In the replacement, use group 1 r'\1'

^(\d{1,4})\s|.+

Regex demo

For example

df.historical_rank = df.historical_rank.str.replace(r"^(\d{1,4})\s|.+", r'\1')
Sign up to request clarification or add additional context in comments.

Comments

2

IICU

df['historical_rank_new']=df['historical_rank'].str.extract('(^[\d]{1,4})')
df

1 Comment

With slight modification to the regex -- (^[\d]{1,4}) -- this solution has provided the best result.

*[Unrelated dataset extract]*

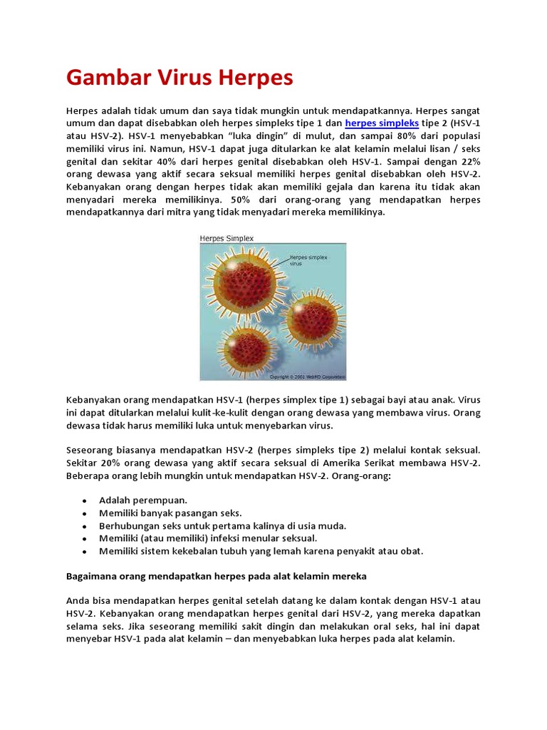 Herpes merupakan infeksi kulit kelamin yang disebabkan .... Penyakit ini dapat ditularkan melalui hubungan seksual. Samples should be taken from new ulcers, where it is more likely to find the virus. These sores are very similar to those usually found on. The epidemiology of herpes simplex is of substantial epidemiologic and public health interest. Trends in herpes simplex virus. Herpes is separated into two types: Both cause sores along with a few other symptoms. However, that doesn't mean it's impossible. Herpes type 2 is believed to be a. Hsv enfeksiyonu hsv tip 2 hsv. Herpes is caused by two different viruses: In neonates the infection is potentially lethal. As is the case with other medical conditions. However, a negative result does not rule out herpes. Herpes simplex virus type 2 (hsv2) is one of two types of the herpes virus and is rarely transmitted orally.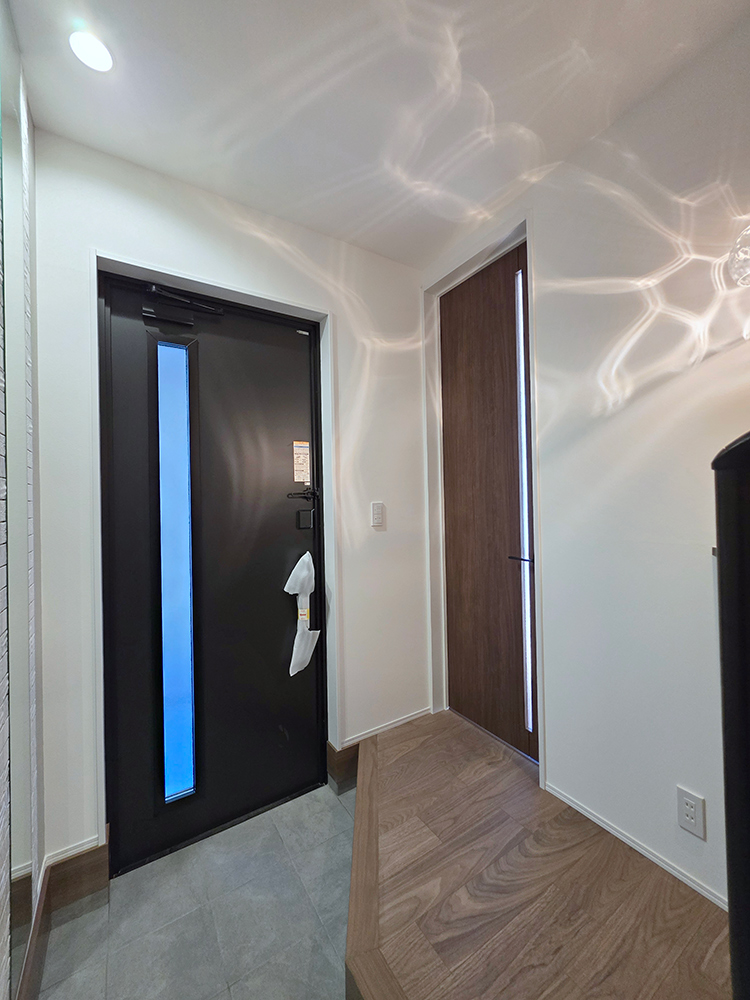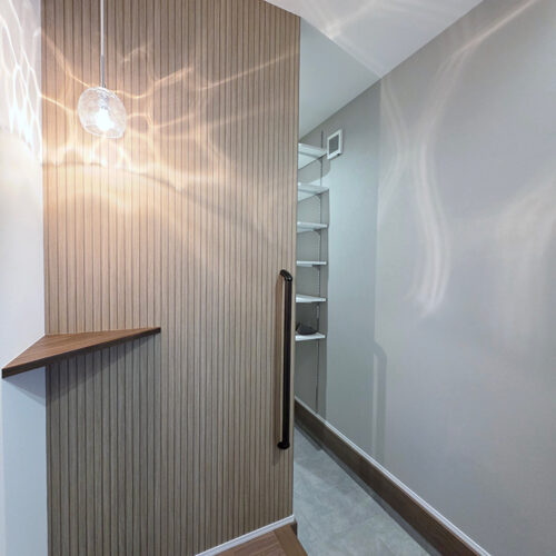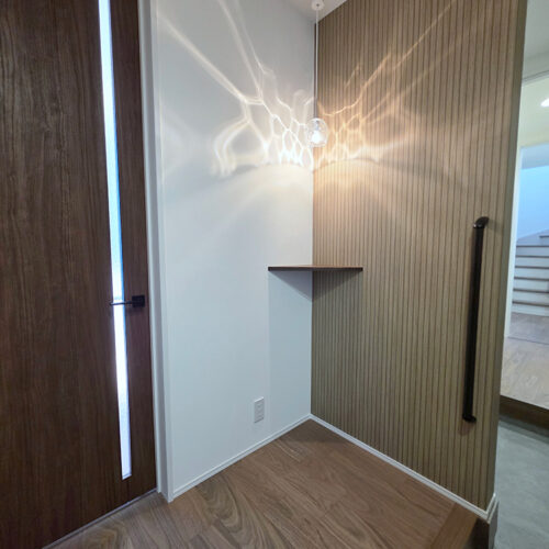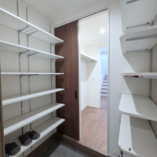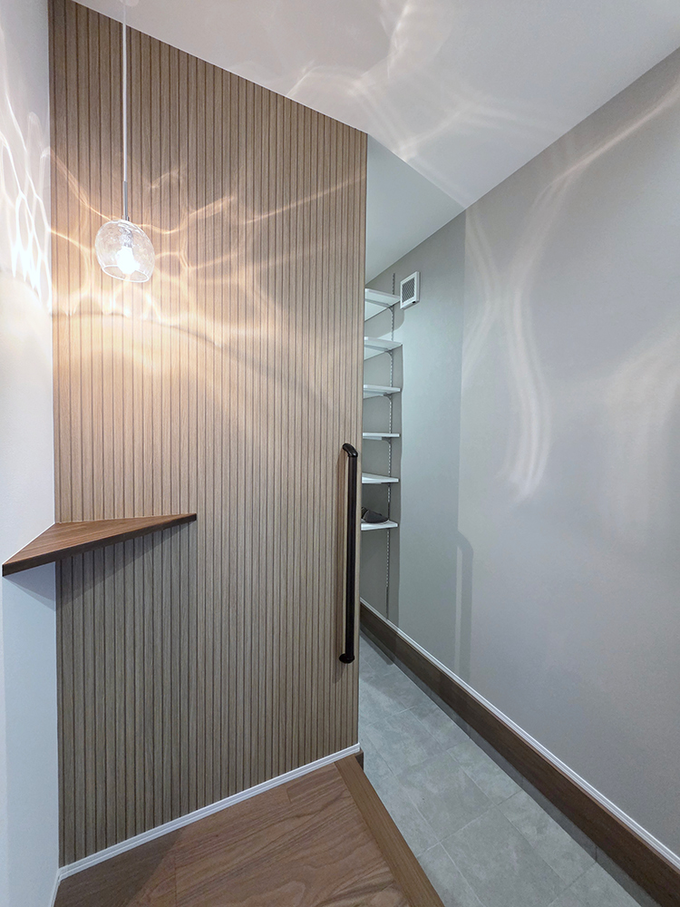 玄関から収納スペースを直線的に移動しスタイリングエリアで手洗いができます。外出準備や帰宅後の片付けに便利です。

Thanks.
1

You should think of using your regex in a str.extract method keeping in mind that this method requires the regex to contain at least one capturing group.

If you plan to match one, two, three or four digits at the start of the string that are followed by at least one whitespace (just judging by your \d{1,4}(?=\s) pattern) you should try

df['historical_rank_clean'] = df['historical_rank'].str.extract('^(\d{1,4})\s', expand=False).fillna('')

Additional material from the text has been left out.